Les dynamiques diffèrent d’une région à l’autre, voire d’un département à l’autre, notamment dans les territoires où le tissu industriel est historiquement constitué autour de filières aujourd’hui confrontées à des transformations majeures et particulièrement impactées par les crises successives. À ce titre, ce baromètre se révèle être un outil essentiel pour saisir les réalités du terrain et adapter les politiques publiques en faveur de la réindustrialisation.
Avec 19 ouvertures nettes d’usines, la Nouvelle Aquitaine est la région qui ouvre le plus de sites industriels sur l’année 2025, confirmant son rôle moteur dans la réindustrialisation du pays. Une dynamique portée par les secteurs traditionnellement implantés dans cette région : la défense et l’aéronautique. 44 sites industriels ont ouvert ou connu une extension significative tandis que 25 usines ont fermé ou réduit leur appareil de production. À titre d’exemples :
- L’ouverture de l’usine de l’entreprise Midipile à Hiersac (16) pour la production de véhicules accessibles sans permis, qui peuvent atteindre 45 km/h avec assistance électrique.
- L’ouverture de l’usine Paprec (19) pour la production de combustibles solides de récupération (CSR) pour revaloriser les déchets en énergie.
- L’ouverture de l’usine Bimbo QSR (86) pour une boulangerie industrielle dédiés aux brioches et petits pains frais pour la restauration rapide et hors foyer.
- L’extension de l’usine de Cofidur (24) spécialisée dans la fabrication de cartes électroniques pour le secteur aéronautique et spatial.
- L’extension de l’usine d’Ariane Group (33) pour la développer la production de matériaux composites.
- L’extension de l’usine Optima Aero Europe (40) pour le démantèlement, la réparation et le reconditionnement des pièces de moteur d’hélicoptères.
Cartographie régionale des ouvertures nettes en 2025
Méthodologie
L’indicateur du Baromètre industriel de l’État vise à mesurer le nombre net d’ouvertures de sites industriels*, c’est-à-dire le nombre total d’ouvertures de sites industriels auquel on soustrait le nombre de fermetures. Il inclut les augmentations et réductions significatives d’activités industrielles sur un site existant, lorsque l’impact de celles-ci pour le territoire est de fait assimilable à l’ouverture ou la fermeture d’un nouveau site.
La définition de l’industrie retenue pour cet indicateur exclut les activités connexes (déchetterie, logistique) ou l’artisanat.

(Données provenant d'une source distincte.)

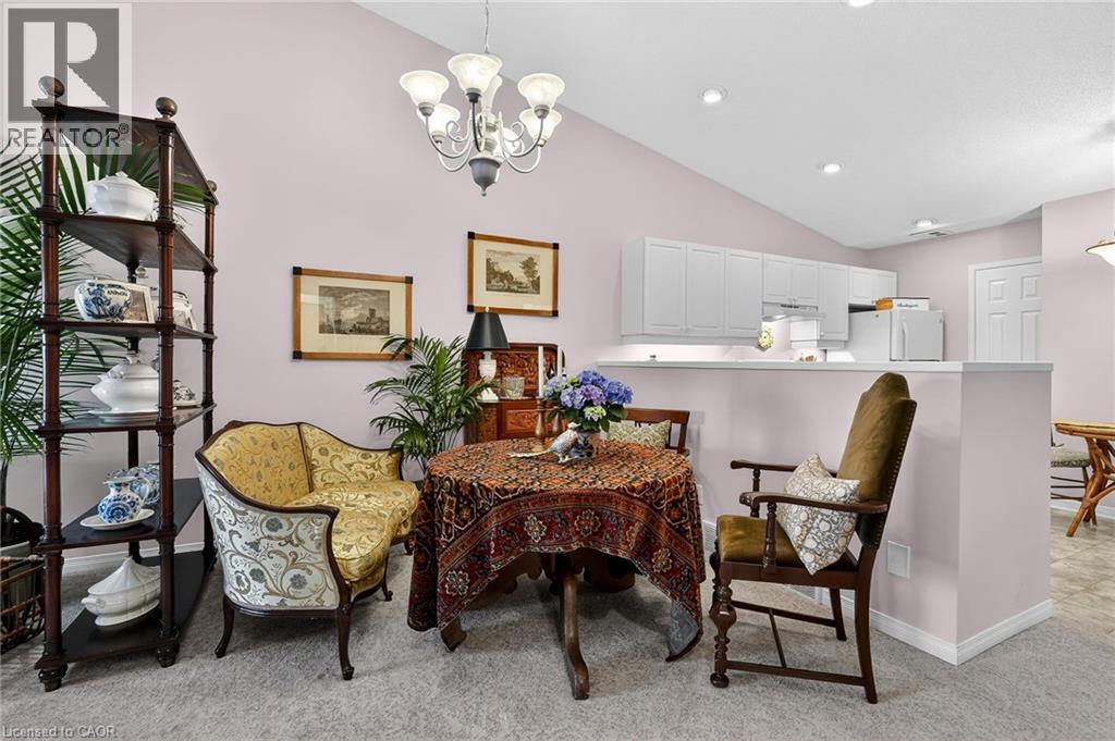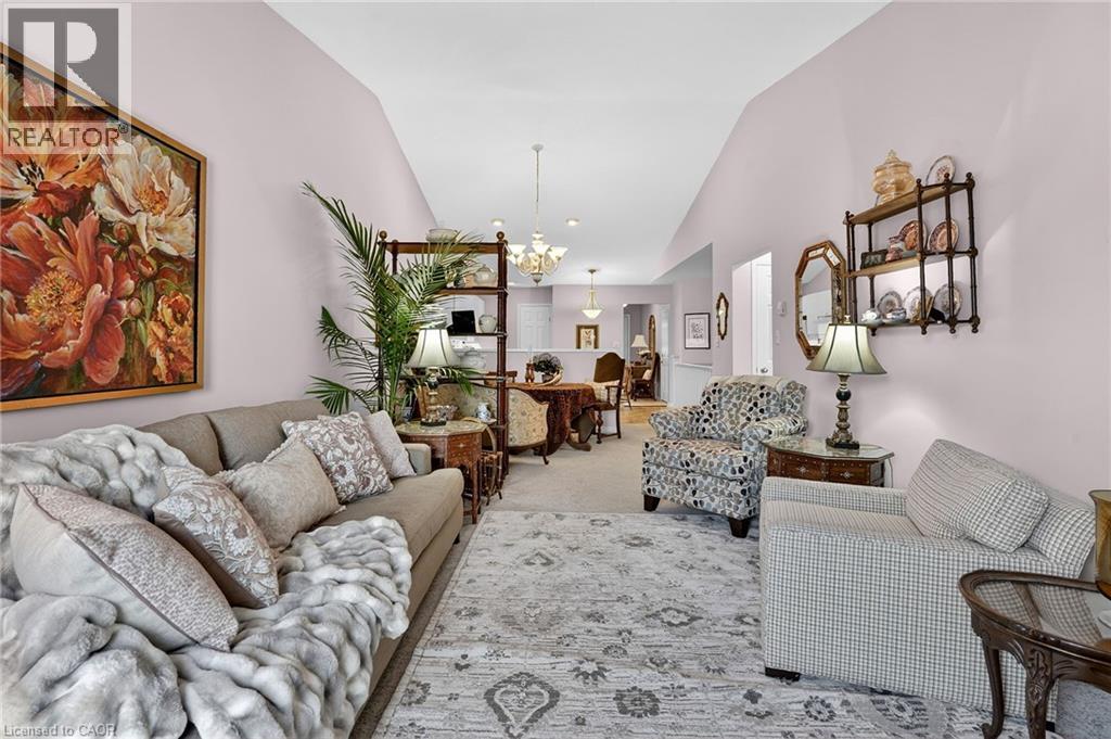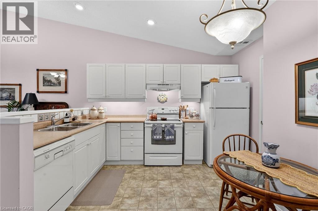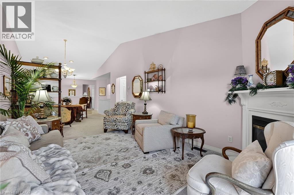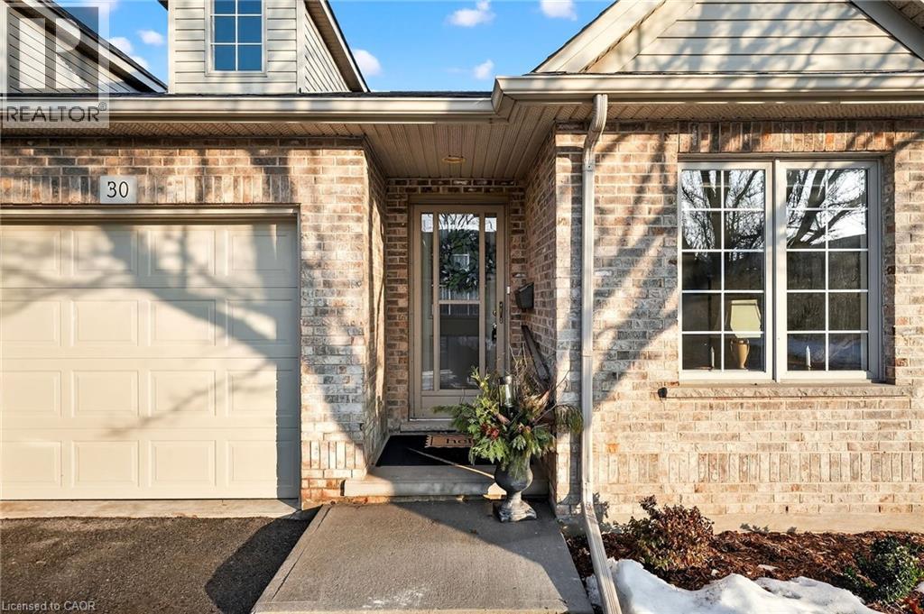 A fantastic opportunity for downsizers, empty nesters, or retirees seeking easy living in an exceptional location. Welcome to Unit 30 at 303 Central Avenue in beautiful Grimsby. This well-maintained 2-bedroom, 2-bath bungalow townhome offers the perfect blend of comfort, functionality, and low-maintenance living in a quiet, sought-after complex just minutes from the QEW, Lake Ontario, shopping, parks, and local amenities. Cathedral ceilings soar through the open-concept kitchen, dining, and living areas, creating a bright and airy feel. The natural gas fireplace adds warmth and charm, while sliding patio doors lead to a freshly stained, private back deck backing onto greenspace—ideal for relaxing or entertaining. The spacious primary bedroom features abundant natural light, double closets, and a 4-piece ensuite. A generous second bedroom or den is conveniently located near the 3-piece bath with walk-in shower. Main floor laundry and interior garage access add everyday convenience. The unfinished basement includes a bathroom rough-in and offers excellent potential for additional living space, hobby rooms, or storage. Condo fees of $450/month include building insurance, basic cable TV, exterior maintenance, grass cutting, and snow removal of common areas (driveway and entry path are owner responsibility). (id:64974)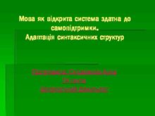 Мова як відкрита система здатна до самопідтримки Адаптація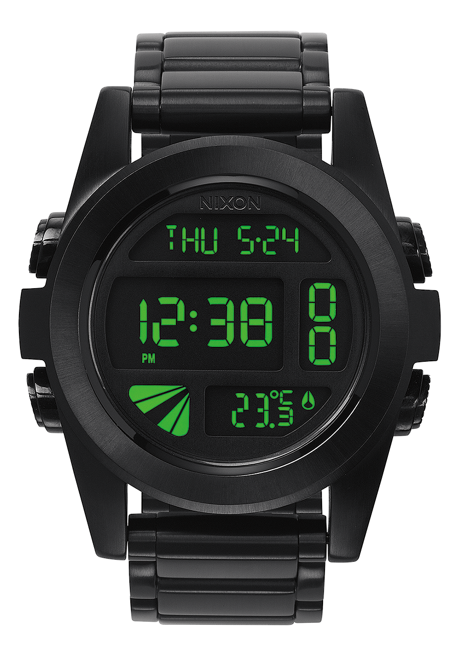 Mouvement numérique personnalisé avec affichage négatif, heure au format 12 ou 24 heures, calendrier, indicateur de température, double fuseau horaire, minuterie de compte à rebours, chronographe, alarme et fonctions d'éclairage.

Plus précisément, l’industrie est ici comprise comme l’ensemble des activités économiques qui combinent des facteurs de production (installations, approvisionnements, travail, savoir) pour produire des biens matériels, par la transformation de matières premières et l’exploitation des sources d’énergie, destinés au marché.
La comptabilisation est basée sur l’effectivité : cela correspond à la date de la première production, dès lors que le premier produit sort de l’usine.

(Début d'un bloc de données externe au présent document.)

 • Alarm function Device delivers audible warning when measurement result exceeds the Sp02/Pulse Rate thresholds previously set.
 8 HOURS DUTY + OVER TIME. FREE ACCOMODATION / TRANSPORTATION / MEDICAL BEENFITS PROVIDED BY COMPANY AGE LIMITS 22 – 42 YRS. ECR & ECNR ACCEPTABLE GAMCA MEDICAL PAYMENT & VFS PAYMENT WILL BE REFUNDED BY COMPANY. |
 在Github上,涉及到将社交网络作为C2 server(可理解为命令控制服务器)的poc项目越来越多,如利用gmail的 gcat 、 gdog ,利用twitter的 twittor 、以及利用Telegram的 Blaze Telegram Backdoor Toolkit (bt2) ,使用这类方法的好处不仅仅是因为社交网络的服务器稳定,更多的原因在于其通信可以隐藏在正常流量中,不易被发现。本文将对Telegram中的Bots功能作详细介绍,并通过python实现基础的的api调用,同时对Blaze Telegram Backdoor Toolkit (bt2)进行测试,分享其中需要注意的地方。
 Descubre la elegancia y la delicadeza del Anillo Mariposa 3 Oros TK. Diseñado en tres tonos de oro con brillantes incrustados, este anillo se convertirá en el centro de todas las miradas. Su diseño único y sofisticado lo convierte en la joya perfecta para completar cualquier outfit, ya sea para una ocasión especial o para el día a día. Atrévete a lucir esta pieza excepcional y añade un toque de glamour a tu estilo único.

Le recensement opéré par l’indicateur s’intéresse aux unités industrielles sans tenir compte de la valeur ajoutée du site concerné. Ainsi, une « gigafactory » ou la première industrialisation d’une start-up compteront comme une même unité industrielle.
Le baromètre industriel ultramarin -indicateur dédié aux Outres-mers - a été construit en 2025. Afin d’adapter la mesure de la dynamique industrielle aux spécificités du tissu industriel de ces territoires, le cadre méthodologique a été élargie avec le recensement des industries extractives et de production d’énergie et l’abaissement du seuil du nombre de salariés pour les sites industriels à plus de 10 salariés.
*Établissement de plus de 20 salariés.
Les données présentées doivent être lues comme des données provisoires et pouvant être actualisées lors de la prochaine relève, un certain nombre de projets d’ouverture pouvant être détectés a posteriori.